1) How do I continue? I enjoy the delusion that problems are other people's fault and when that bubble is burst (like now) I am extremely uncomfortable and have a lot of bad thoughts and ideas constantly plaguing me, including despair and suicide and the ultimate fear that others will take away the right to make my own decisions. When, in the past, this state came on me it was bliss and became "the way I had always felt". I would move on and the past would be gone. How can I keep this from happening again (I'm getting too old for this)?
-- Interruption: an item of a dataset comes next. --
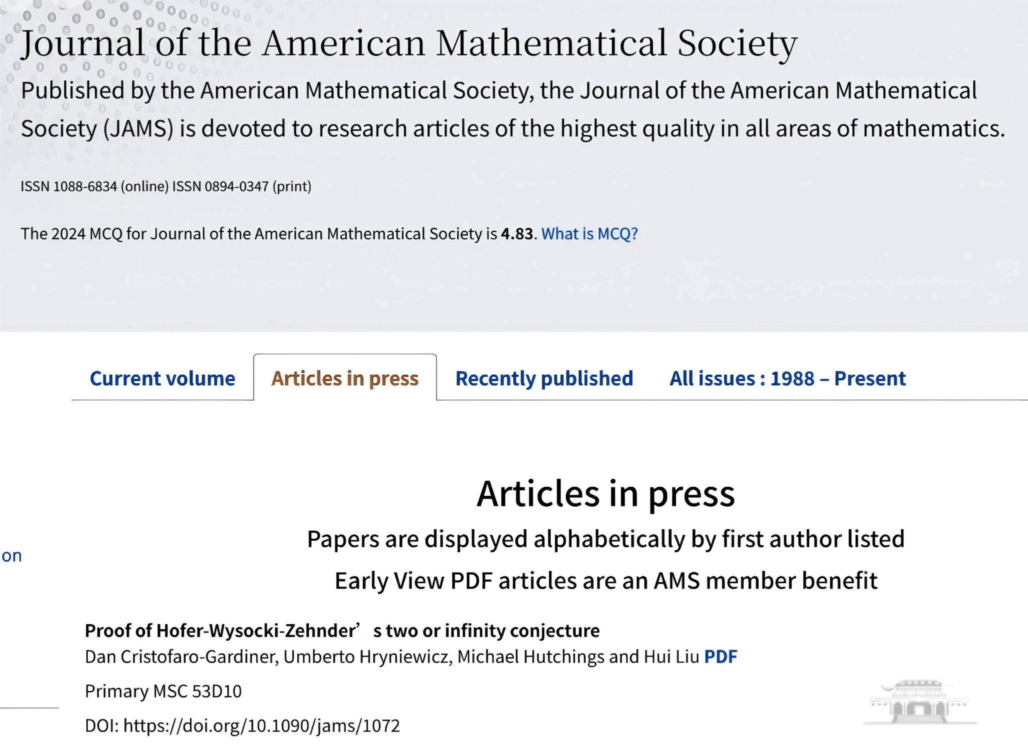 新闻网讯(通讯员肖玉霞)近日,《美国数学会杂志》(Journal of the American Mathematical Society)在线发表了武汉大学数学与统计学院教授刘会与合作者的最新研究成果。论文标题为“Proof of Hofer-Wysocki-Zehnder’s two or infinity conjecture”,研究成功证明了关于Hofer-Wysocki-Zehnder的二或无穷条周期轨道猜想和Bangert-龙以明的二或无穷条闭测地线猜想。

2) I have only the county's Circles of Care free clinic (Brevard, FL). How and where can I find out about long term residential care for BPD? I have been kicked out of treatment places for angry outbursts and worse, I don't know if I can survive until I get social security (I'd be homeless for years) and if I did how would I be in treatment during that time? I just feel so trapped...

3) What can I do about the dread that these people will lock me away and take all my freedom and the power to make to slightest decision? How could I cope? That would REALLY make me suicidal.


A. First things first. You have a biological illness and it needs to be treated. Until you do that, your ability to make plans, avoid feeling suicidal, and make changes in your life are close to zero. All the things you are doing that you hate are outflows of the biochemistry of your brain. This site has a lot of data on treatment. Get on the right medication at the right dosage, and 2 and 3 will either work themselves out or become unnecessary. You absolutely need to treat the chemical part of the disease.